Andrew points at the trading cabin and George waving at him. “It seems your brother has need of me after all. Will you come with me, Rebecca, and share the day? No doubt your cunning mind will find ways for all to profit.”
“Aye. I should be glad to.”
My people and George welcome us among them as we continue the day in trade.
Ciquenackqua alone seems unpleased at the sight of me, and more so when he gives over the pelts owed me for defeating him in our race. “I would win these back from you,” he says.
“Why should I risk losing what I’ve already earned?” I ask. “And especially when you have no more pelts should I win.”
He frowns. “Should the ancestors favor you, I will find something of value in trade.”
“Very well,” I say. “What game should we play?”
“No game,” he says. “A wager only.

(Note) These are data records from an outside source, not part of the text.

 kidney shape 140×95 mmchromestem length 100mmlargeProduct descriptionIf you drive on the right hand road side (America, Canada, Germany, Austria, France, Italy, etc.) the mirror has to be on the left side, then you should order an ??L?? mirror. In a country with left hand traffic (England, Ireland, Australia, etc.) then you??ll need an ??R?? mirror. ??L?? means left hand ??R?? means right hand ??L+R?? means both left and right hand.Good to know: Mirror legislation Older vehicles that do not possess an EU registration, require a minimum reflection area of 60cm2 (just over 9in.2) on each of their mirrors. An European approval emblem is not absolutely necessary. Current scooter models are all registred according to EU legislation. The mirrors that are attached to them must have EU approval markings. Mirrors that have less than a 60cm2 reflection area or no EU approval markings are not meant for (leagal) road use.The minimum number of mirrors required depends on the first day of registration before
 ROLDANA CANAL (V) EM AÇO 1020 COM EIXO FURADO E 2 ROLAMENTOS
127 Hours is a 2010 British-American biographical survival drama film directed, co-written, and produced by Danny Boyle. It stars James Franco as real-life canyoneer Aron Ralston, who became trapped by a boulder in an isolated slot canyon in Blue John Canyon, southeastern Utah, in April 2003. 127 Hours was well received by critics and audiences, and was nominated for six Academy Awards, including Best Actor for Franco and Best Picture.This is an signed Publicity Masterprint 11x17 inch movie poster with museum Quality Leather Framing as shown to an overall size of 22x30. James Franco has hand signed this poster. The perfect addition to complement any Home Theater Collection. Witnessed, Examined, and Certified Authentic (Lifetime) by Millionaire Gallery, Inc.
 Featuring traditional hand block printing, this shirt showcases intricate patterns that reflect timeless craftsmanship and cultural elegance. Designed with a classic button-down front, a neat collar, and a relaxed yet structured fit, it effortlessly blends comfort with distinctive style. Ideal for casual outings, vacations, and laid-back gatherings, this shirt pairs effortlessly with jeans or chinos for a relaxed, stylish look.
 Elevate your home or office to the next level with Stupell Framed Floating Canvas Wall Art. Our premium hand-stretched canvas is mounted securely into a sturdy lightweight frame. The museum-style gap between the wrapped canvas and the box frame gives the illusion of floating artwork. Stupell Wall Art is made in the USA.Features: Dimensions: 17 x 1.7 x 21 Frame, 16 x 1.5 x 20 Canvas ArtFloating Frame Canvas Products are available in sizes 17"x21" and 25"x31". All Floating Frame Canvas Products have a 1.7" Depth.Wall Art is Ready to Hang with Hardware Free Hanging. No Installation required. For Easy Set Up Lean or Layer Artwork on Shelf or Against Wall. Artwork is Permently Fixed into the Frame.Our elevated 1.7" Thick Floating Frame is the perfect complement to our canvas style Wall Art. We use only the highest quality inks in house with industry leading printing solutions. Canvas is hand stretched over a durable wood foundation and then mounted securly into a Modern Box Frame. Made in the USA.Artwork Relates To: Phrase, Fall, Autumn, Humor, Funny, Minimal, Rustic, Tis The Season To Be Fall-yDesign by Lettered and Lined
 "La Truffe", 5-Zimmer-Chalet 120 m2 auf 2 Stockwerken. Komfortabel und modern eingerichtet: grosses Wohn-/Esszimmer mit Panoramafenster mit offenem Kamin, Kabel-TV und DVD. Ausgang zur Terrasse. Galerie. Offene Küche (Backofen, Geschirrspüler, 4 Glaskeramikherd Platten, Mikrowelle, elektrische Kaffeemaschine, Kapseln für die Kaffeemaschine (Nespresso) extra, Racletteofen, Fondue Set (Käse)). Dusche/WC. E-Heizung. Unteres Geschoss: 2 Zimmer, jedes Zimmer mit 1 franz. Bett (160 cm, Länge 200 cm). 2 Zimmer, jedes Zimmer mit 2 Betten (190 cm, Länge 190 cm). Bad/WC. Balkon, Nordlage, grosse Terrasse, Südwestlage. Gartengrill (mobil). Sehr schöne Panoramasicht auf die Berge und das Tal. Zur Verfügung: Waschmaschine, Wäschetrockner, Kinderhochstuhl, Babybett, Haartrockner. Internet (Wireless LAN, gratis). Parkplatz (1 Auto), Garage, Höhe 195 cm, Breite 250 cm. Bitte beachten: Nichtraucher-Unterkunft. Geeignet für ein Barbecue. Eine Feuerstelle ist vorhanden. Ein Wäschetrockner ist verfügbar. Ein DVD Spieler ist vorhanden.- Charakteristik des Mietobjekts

I tire of the claims your aim is equal to Black Pilgrim’s.”
Deep River steps to my side. “They are no claims, young one. I have seen her aim proven.”
“Then let her do so in front of all here today, rather than it be said she took such prey, alone in the woods, with a single shot,” says Ciquenackqua. “My father often says we men are liken to beasts of the forest, fleet of foot and clever also, but only a true hunter may take down a bird in flight.”
He raises his hand, showing me a wooden orb used for our stickball games.
“I will fling the ball, and I offer you a single shot to put your arrow through it,” he says. “I wager the ball falls back to earth untouched.”
I nod, and cheers rise from the men as they back away to grant us space.
Ciquenackqua looks on me oddly. “Why do you not nock your arrow?”
“Fling the ball,” I say, my tone steady and even.
Ciquenackqua grins then heaves the ball high in the air.
The ball soars above us, my eyes never leaving it. The holes we carved into the sides make it sing, and I tune my ears to its song when the sun’s rays blind me. When it falls at the last, I run to catch it.